THE DATA:
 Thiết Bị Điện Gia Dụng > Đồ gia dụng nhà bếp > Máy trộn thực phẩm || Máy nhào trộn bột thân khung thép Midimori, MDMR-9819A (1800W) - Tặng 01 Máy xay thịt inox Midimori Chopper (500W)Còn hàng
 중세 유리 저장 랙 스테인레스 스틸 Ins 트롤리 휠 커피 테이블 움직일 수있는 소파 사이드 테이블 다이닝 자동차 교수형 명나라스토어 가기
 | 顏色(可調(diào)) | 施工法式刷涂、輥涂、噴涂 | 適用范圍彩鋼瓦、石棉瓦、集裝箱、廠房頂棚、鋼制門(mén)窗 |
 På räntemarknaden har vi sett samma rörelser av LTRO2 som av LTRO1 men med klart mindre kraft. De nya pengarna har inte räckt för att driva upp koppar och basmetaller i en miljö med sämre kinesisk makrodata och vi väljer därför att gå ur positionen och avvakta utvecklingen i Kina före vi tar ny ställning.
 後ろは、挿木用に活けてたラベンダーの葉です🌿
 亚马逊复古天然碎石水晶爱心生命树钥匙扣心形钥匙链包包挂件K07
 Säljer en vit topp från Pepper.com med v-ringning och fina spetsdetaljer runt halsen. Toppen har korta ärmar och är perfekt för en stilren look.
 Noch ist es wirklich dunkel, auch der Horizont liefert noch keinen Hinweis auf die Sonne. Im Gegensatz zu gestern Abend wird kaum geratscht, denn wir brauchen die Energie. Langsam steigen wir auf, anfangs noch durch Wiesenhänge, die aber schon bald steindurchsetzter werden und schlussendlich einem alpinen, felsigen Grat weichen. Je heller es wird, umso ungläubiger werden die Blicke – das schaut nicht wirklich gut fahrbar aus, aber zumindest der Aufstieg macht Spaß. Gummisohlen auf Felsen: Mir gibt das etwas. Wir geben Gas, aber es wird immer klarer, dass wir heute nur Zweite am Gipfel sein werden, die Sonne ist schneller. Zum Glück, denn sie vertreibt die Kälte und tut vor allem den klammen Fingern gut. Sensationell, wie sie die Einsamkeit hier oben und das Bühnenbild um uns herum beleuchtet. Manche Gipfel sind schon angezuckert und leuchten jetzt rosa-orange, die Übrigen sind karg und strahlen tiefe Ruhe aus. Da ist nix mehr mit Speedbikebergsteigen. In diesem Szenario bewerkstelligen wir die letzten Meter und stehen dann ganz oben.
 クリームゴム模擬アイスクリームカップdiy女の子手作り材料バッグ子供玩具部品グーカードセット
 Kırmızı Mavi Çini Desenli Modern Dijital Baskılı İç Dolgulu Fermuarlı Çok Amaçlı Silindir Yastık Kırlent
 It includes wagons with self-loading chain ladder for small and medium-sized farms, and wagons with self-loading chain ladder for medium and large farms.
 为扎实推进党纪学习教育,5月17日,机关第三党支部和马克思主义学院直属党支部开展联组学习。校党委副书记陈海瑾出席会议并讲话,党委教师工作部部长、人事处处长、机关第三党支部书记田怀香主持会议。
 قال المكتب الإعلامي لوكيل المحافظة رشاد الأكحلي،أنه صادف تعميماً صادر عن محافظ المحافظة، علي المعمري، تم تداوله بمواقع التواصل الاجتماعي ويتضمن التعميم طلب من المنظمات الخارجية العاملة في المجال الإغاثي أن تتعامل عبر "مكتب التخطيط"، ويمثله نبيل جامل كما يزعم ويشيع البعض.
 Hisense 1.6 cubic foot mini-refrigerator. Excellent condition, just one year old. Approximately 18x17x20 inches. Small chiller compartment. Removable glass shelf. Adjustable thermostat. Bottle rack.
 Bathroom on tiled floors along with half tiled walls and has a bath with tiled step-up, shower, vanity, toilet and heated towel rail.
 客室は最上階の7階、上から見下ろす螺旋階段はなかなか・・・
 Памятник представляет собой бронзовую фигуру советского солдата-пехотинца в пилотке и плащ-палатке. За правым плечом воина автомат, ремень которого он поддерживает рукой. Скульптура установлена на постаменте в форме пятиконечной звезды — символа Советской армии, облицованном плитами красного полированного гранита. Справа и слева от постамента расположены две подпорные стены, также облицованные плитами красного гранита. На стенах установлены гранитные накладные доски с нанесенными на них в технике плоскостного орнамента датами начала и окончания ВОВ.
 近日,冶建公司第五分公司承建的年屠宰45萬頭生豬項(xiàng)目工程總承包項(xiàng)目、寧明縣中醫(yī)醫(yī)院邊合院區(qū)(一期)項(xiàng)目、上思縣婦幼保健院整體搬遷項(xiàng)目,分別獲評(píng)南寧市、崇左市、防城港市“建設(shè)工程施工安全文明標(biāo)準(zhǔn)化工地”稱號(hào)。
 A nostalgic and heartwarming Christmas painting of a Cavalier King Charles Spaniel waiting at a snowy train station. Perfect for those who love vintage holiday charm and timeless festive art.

EXERCISE PROMPT: From the line that has "På räntemarknaden har" through the line that has "为扎实推进党纪学习教育,5月", copy every line exactly as it appears above, and leave out all others.

TASK OUTPUT:
 På räntemarknaden har vi sett samma rörelser av LTRO2 som av LTRO1 men med klart mindre kraft. De nya pengarna har inte räckt för att driva upp koppar och basmetaller i en miljö med sämre kinesisk makrodata och vi väljer därför att gå ur positionen och avvakta utvecklingen i Kina före vi tar ny ställning.
 後ろは、挿木用に活けてたラベンダーの葉です🌿
 亚马逊复古天然碎石水晶爱心生命树钥匙扣心形钥匙链包包挂件K07
 Säljer en vit topp från Pepper.com med v-ringning och fina spetsdetaljer runt halsen. Toppen har korta ärmar och är perfekt för en stilren look.
 Noch ist es wirklich dunkel, auch der Horizont liefert noch keinen Hinweis auf die Sonne. Im Gegensatz zu gestern Abend wird kaum geratscht, denn wir brauchen die Energie. Langsam steigen wir auf, anfangs noch durch Wiesenhänge, die aber schon bald steindurchsetzter werden und schlussendlich einem alpinen, felsigen Grat weichen. Je heller es wird, umso ungläubiger werden die Blicke – das schaut nicht wirklich gut fahrbar aus, aber zumindest der Aufstieg macht Spaß. Gummisohlen auf Felsen: Mir gibt das etwas. Wir geben Gas, aber es wird immer klarer, dass wir heute nur Zweite am Gipfel sein werden, die Sonne ist schneller. Zum Glück, denn sie vertreibt die Kälte und tut vor allem den klammen Fingern gut. Sensationell, wie sie die Einsamkeit hier oben und das Bühnenbild um uns herum beleuchtet. Manche Gipfel sind schon angezuckert und leuchten jetzt rosa-orange, die Übrigen sind karg und strahlen tiefe Ruhe aus. Da ist nix mehr mit Speedbikebergsteigen. In diesem Szenario bewerkstelligen wir die letzten Meter und stehen dann ganz oben.
 クリームゴム模擬アイスクリームカップdiy女の子手作り材料バッグ子供玩具部品グーカードセット
 Kırmızı Mavi Çini Desenli Modern Dijital Baskılı İç Dolgulu Fermuarlı Çok Amaçlı Silindir Yastık Kırlent
 It includes wagons with self-loading chain ladder for small and medium-sized farms, and wagons with self-loading chain ladder for medium and large farms.
 为扎实推进党纪学习教育,5月17日,机关第三党支部和马克思主义学院直属党支部开展联组学习。校党委副书记陈海瑾出席会议并讲话,党委教师工作部部长、人事处处长、机关第三党支部书记田怀香主持会议。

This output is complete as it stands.